Jehová tu Dios te ha traído… por todo el camino que habéis andado, hasta llegar a este lugar. Y aun con esto no creísteis a Jehová vuestro Dios.
Esto que otrora le sucedía a Israel en el desierto, le ocurre hoy a la Iglesia en su totalidad y a cada miembro en particular. Los ojos del Padre están de continuo sobre nosotros, sus brazos eternos nos rodean día y noche. “No apartará de los justos sus ojos” (Job 36:7). Cuenta los cabellos de nuestras cabezas y se interesa con infinita bondad por todo cuanto nos concierne. Se ha encargado de todas nuestras necesidades y preocupaciones. Quiere que echemos sobre él todas nuestras inquietudes con la dulce convicción de que él cuida de nosotros. Nos invita a echar sobre él nuestras cargas, sean pesadas o ligeras.
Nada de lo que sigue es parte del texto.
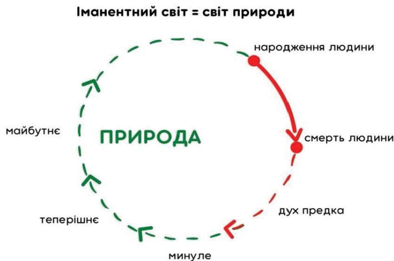
Схема 1. Темпоральна парадигма міфологічного типу світогляду

ли все, що відбувається в теперішньому, вбачається таким, що вже колись десь було аналогічним у минулому, досвід померлих обов'язково зберігає свою актуальність для усіх прийдешніх поколінь. Іншими словами, в темпоральній парадигмі міфологічного світогляду умови соціального буття, його основні координати і цінності залишаються практично незмінними від покоління до покоління. Тому померлі представники роду вбачаються носіями цього безцінного досвіду, і саме тому до них є сенс звертатися при потребі [14; 41]. Отже, фізична смерть за темпоральності міфологічного типу світогляду є переходом в інший тип іманентності — у світ духів, який взаємодіє зі світом живих, але вже опосередковано. Наявний тип темпоральності ми можемо представити у вигляді наступної схеми:
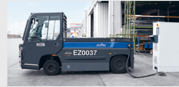
Das Outdoor-Gehäuse der Linde-Energy-Case-Ladesäule ist nach IP54-Prüfnorm spritzwassergeschützt und hält jeder Wetterbedingung stand.

„Der Wechsel auf Lithium-Ionen-Technologie bei hohen Zuglasten ist für FCS ein weiterer Schritt in Richtung Klimaneutralität.“
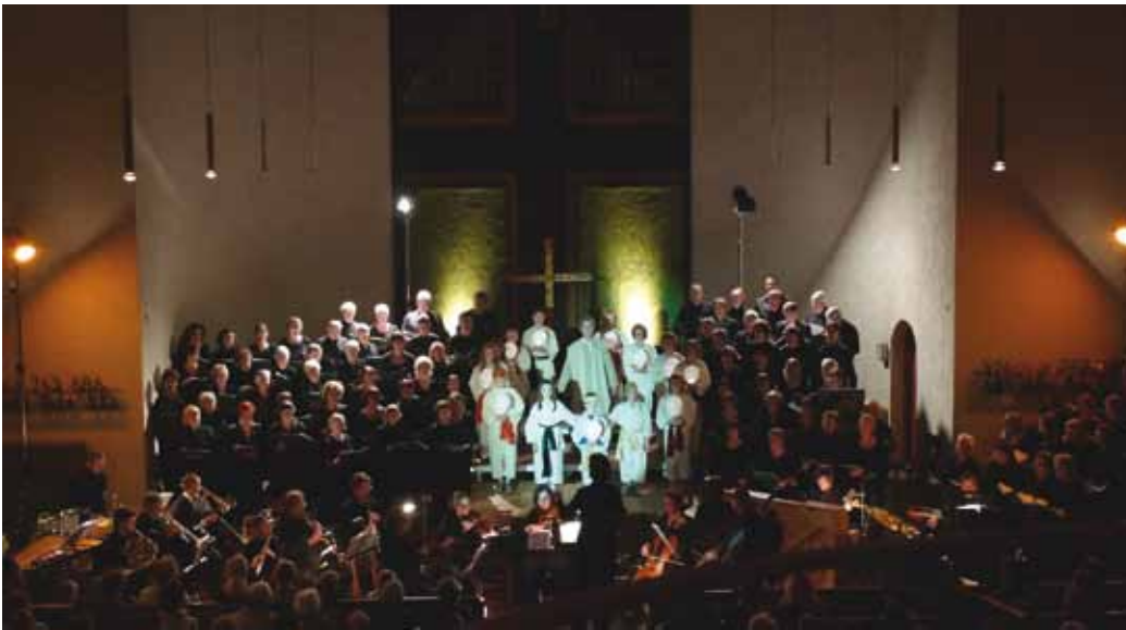
Beitrag zur Stadtteilkultur: Bei „Lebenswort“ in Hedelfingen sind Jung und Alt dabei
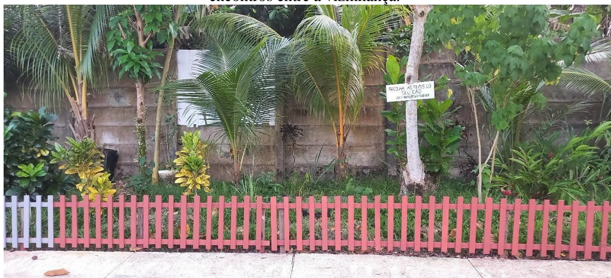
Figura 4 – Espaços que promovem conscientização ambiental e também destinados para encontros entre a vizinhança.

principalmente, nessas áreas mais periféricas da cidade. Dessa forma, além da construção de espaços de conscientização ambiental, podemos perceber também que esses mesmos espaços se tornam espaços de sociabilidade, de encontros entre os moradores e a vizinhança (figura 4). Esses espaços podem ser percebidos próximos ao Igarapé Val-de-Cans, em que podemos observar um corredor de passeio público, com a presença de um extenso muro que separa o Igarapé do corredor.
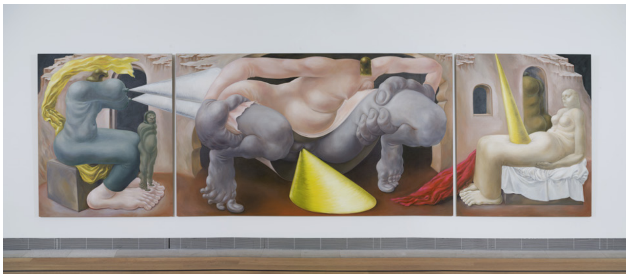
Louise Bonnet, Pisser Triptych , 2021

© Louise Bonnet 2026. Foto: Tobias Fischer, Moderna Museet
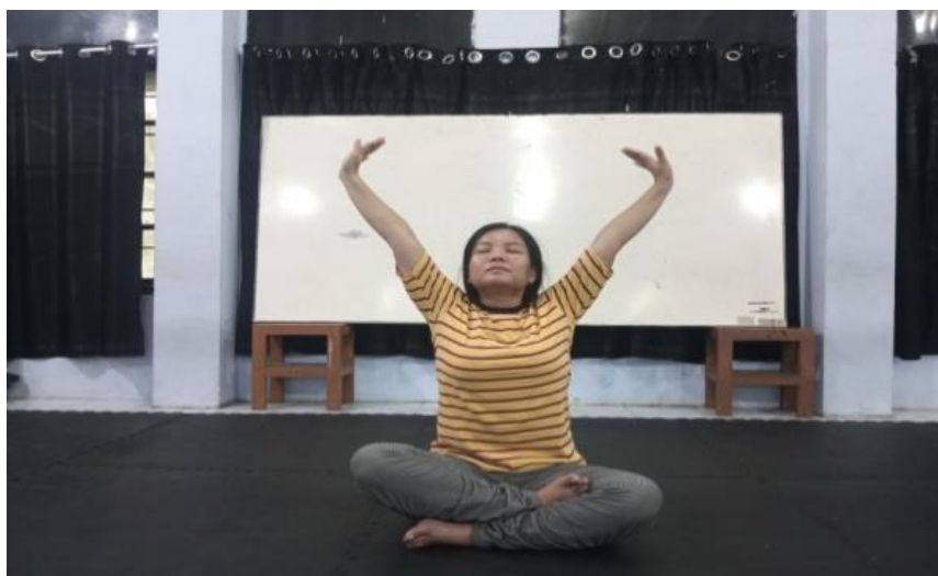
Gambar 1. Latihan Konsentrasi untuk Melatih Ingatan Emosi

Pada proses pertunjukan teater, penulis melakukan penciptaan karakter untuk memerankan tokoh Barabah dalam naskah Barabah karya Motinggo Busye sebagai salah satu syarat akhir dalam minat pemeranan. Dalam proses menciptakan tokoh penulis membutuhkan waktu untuk melakukan pencarian yang belum didapat dan tentunya menggali potensi yang dimiliki. Dalam proses penciptaan ini penulis menggunakan metode akting Lee Strasberg untuk menciptakan karakter tokoh Barabah pada naskah Barabah karya Motinggo Busye. Dalam buku The Lee Strasberg Notes terdapat banyak metode akting, akan tetapi penulis membatasi menjadi empat metode yaitu ingatan emosi, latihan tubuh, improvisasi dan pemanfaatan memori indera. Hal ini sebagai cara penulis dapat menciptakan karakter Barabah dalam naskah Barabah karya Motinggo Busye.

Todo eso es asombroso y está lleno del más dulce consuelo, muy apropiado para tranquilizar el corazón ante cualquier acontecimiento. Pero ¿lo creemos así? ¿Nuestros corazones están gobernados por esa fe? ¿Creemos realmente que el Todopoderoso creador y sustentador de todas las cosas, quien sostiene los pilares del universo, ha tomado sobre sí la tarea de cuidar de nosotros durante todo el viaje? ¿Creemos verdaderamente que el “creador de los cielos y de la tierra” es nuestro Padre?, y ¿que ha tomado a su cargo la responsabilidad de proveer a todas nuestras necesidades del principio al fin?
Desafortunadamente, es de temer que casi no conozcamos el poder de esas grandes, aunque sencillas verdades. Hablamos de ellas, las discutimos, las profesamos, les damos nuestro asentimiento, pero, con todo, demostramos en nuestra vida diaria, en los detalles de nuestra conducta personal, cuán débilmente entramos en ellas. Una cosa es sostener la doctrina de la vida de fe, y otra completamente distinta es vivir esa vida. A menudo nos engañamos a nosotros mismos con la idea de que estamos viviendo por fe cuando en realidad nos apoyamos en algún sostén humano que tarde o temprano seguramente habrá de ceder.